Task to carry out
Taking the line with "This page presents" as the first, copy every line through the end of the records below exactly. Do not include pictures.
* * * * * * *
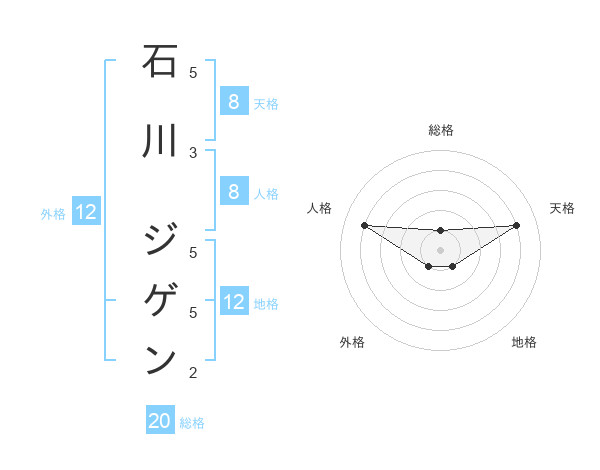石川 ジゲンさんの総格は20画の1点
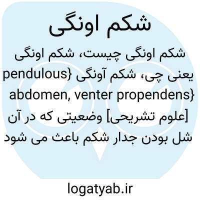 {pendulous abdomen, venter propendens} [علوم تشریحی] وضعیتی که در آن شل بودن جدار شکم باعث می شود که محتویات شکم بر روی عانه آویزان شود
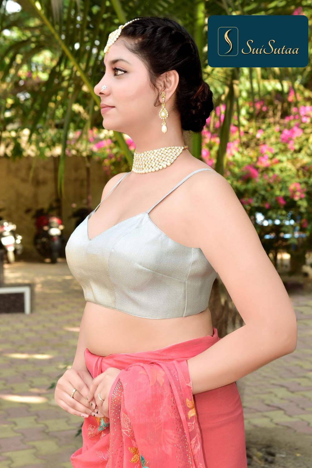 Lustrous Silver Brocade Blouse – Modern Ethnic Glamour
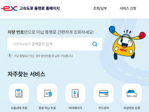- 한국도로공사 홈페이지 또는 통행료 서비스 플러스 앱 실행
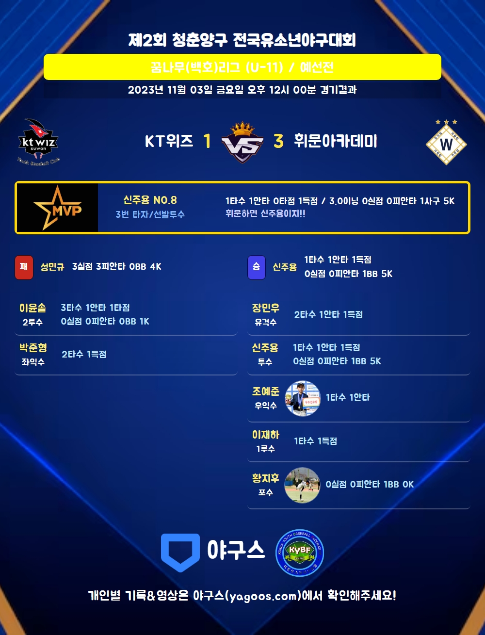 | 1 | 신주용(8) | 승 | - | 12 | 0 | 0 | 0 | 3 | 5 | 59 | 0 | 0 | 0 |
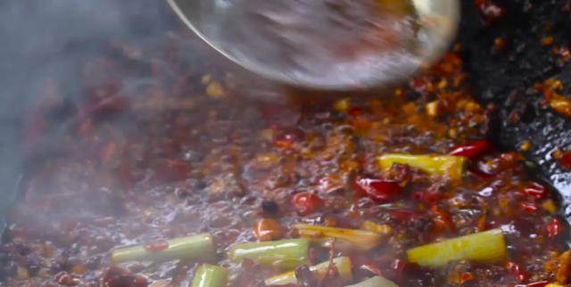 5、鍋裡加一點豬油炒化,再加適量植物油,下入紅花椒、泡椒,來兩三勺豆瓣醬,然後下入薑末、蒜末、一般大蔥段,所有材料炒香之後從鍋邊淋入一點料酒或者白酒(是為瞭讓料酒或者白酒快速揮發帶出材料裡的異味)。
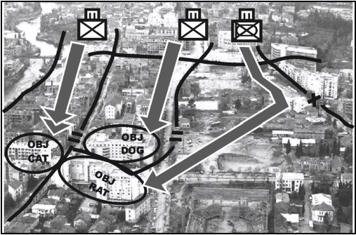 - Analysis of urban area itself to include street pattern, type structures and available maneuver space. (See FMs 34-130 and 90-10-1.)
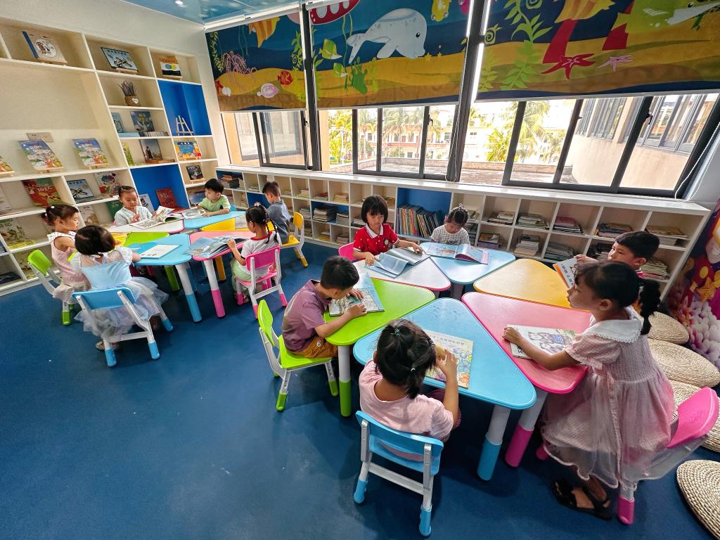 “這樣的場(chǎng)景幾年前完全想象不到?!庇琅d學(xué)校業(yè)務(wù)副校長(cháng)郭興說(shuō),起初學(xué)校書(shū)很少,如今,依托政府資金扶持和社會(huì )各界捐書(shū),學(xué)校有8000多冊圖書(shū),有了電子閱覽屏;24小時(shí)開(kāi)放圖書(shū)館、親子閱讀之家,每個(gè)班還設有圖書(shū)角和閱讀小屋;學(xué)校旁邊的三沙市圖書(shū)館免費向學(xué)生開(kāi)放,孩子們隨時(shí)隨地都有書(shū)可讀。
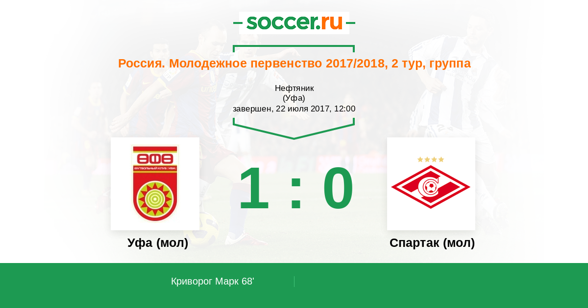 68' ГолЛоготип Уфа (мол)Криворог Марк (51) - 1:0
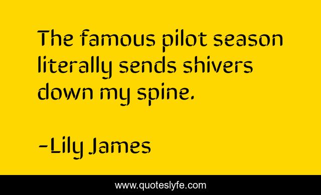 This page presents the quote "The famous pilot season literally sends shivers down my spine.". Author of this quote is Lily James. This quote is about down, season, pilot,.
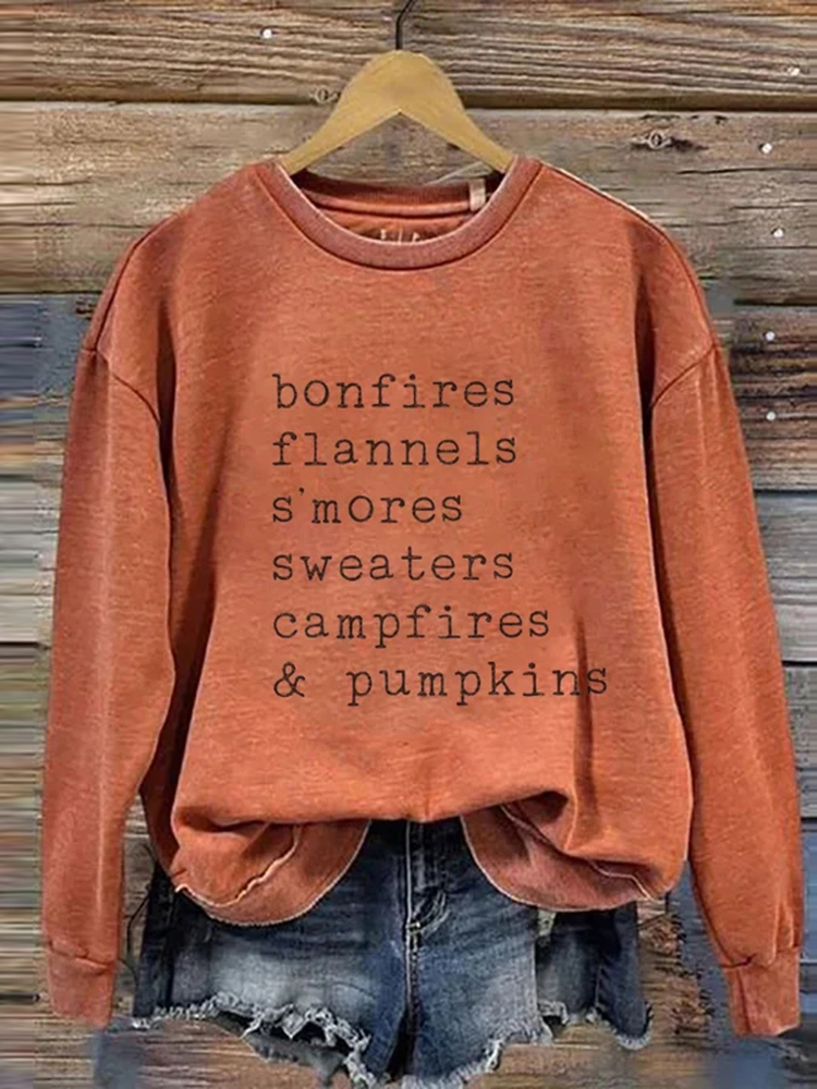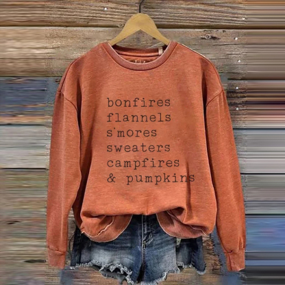 Bonfires Flannels S'mores Sweaters Campfires And Pumpkins Print Sweatshirt
* * * * * * *
Response area
 This page presents the quote "The famous pilot season literally sends shivers down my spine.". Author of this quote is Lily James. This quote is about down, season, pilot,.
 Bonfires Flannels S'mores Sweaters Campfires And Pumpkins Print Sweatshirt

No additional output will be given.